Most Interesting Finds
entroly — HTTP proxy-level interception: The only framework in the batch (and likely in the entire corpus) that operates at the API proxy layer. By routing calls through
:9377, entroly compresses context and attaches WITNESS hallucination-detection certificates to every response, creating an audit trail at $0/2ms without the agent issuing any special calls. The combination of knapsack DP (Rust), PRISM RL loop, and WITNESS NLI checking (AUROC 0.80 on HaluEval-QA) in a single package is architecturally novel. The Python+Rust hybrid (PyO3) with hot paths in native Rust is the most sophisticated runtime in the batch.lean-ctx's LEAN-CTX.md constraint: The most aggressive tool-override rule found in the batch — "CRITICAL: NEVER use native Claude Code Read/Grep/Shell tools" — forces the agent to route all file access through lean-ctx's 62 MCP tools, ensuring every context fragment passes through the compression layer.

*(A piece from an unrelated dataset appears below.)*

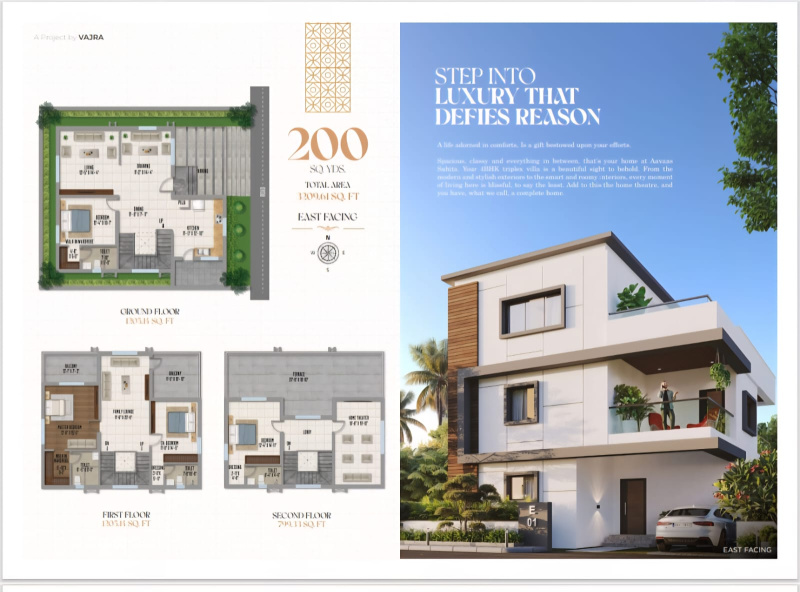 The project features spacious 4 & 5 BHK triplex villas with modern architecture, designed to provide excellent ventilation, natural light, and functional living spaces. Each villa is crafted with high-quality specifications and includes luxurious elements like private terraces and home theatre provisions, making it ideal for contemporary families.

This is the clearest example in the batch of a framework using its prompt file as an architectural enforcement mechanism.
swe-pruner — Neural vs. heuristic gap: The only framework with a peer-reviewed paper and SWE-Bench numbers. The 14.84x compression claim on LongCodeQA is the highest single-benchmark ratio in the batch, but the CUDA requirement and absent license make it research-prototype-only in practice.
Items Written as Tier C
kratos-mcp— README explicitly states "This repo is now legacy. Please use ceorkm/kratos-cli." Last meaningful commit 2024. No MCP registration, no active maintainer. Written as full 11-file report (code still works) but markedtier: C (LEGACY).swe-pruner— Tier B: has a paper and reproducible benchmarks, but no license file, no version tags, CUDA-only requirement, and no native Claude integration. Demoted from A.
Cross-References Discovered
- lean-ctx and entroly both serve browser dashboards on port
:9377— naming collision if both run simultaneously on the same machine. - symdex could feed swe-pruner: symdex retrieves structurally-relevant code chunks; swe-pruner prunes those chunks by neural relevance. They are naturally complementary preprocessing stages.
- kratos-mcp successor is
ceorkm/kratos-cli(not in this batch — flagged for a future batch if evaluated). - claude-supermemory is built on Supermemory.ai API (mem0.ai-adjacent space); if Supermemory.ai discontinues, the plugin stops working — pure cloud dependency unlike every other framework in the batch.
- basic-memory AGPL-3.0 license means any system that bundles it must also be AGPL — unique licensing risk in the batch; all others are MIT, Apache-2.0, or unlicensed.
- cognilayer v4.3.0 claims 21 multi-agent orchestration tools (more than any other framework here) and 5 lifecycle hooks including PreCompact — the most complete lifecycle coverage in the batch alongside ccmemory (seed).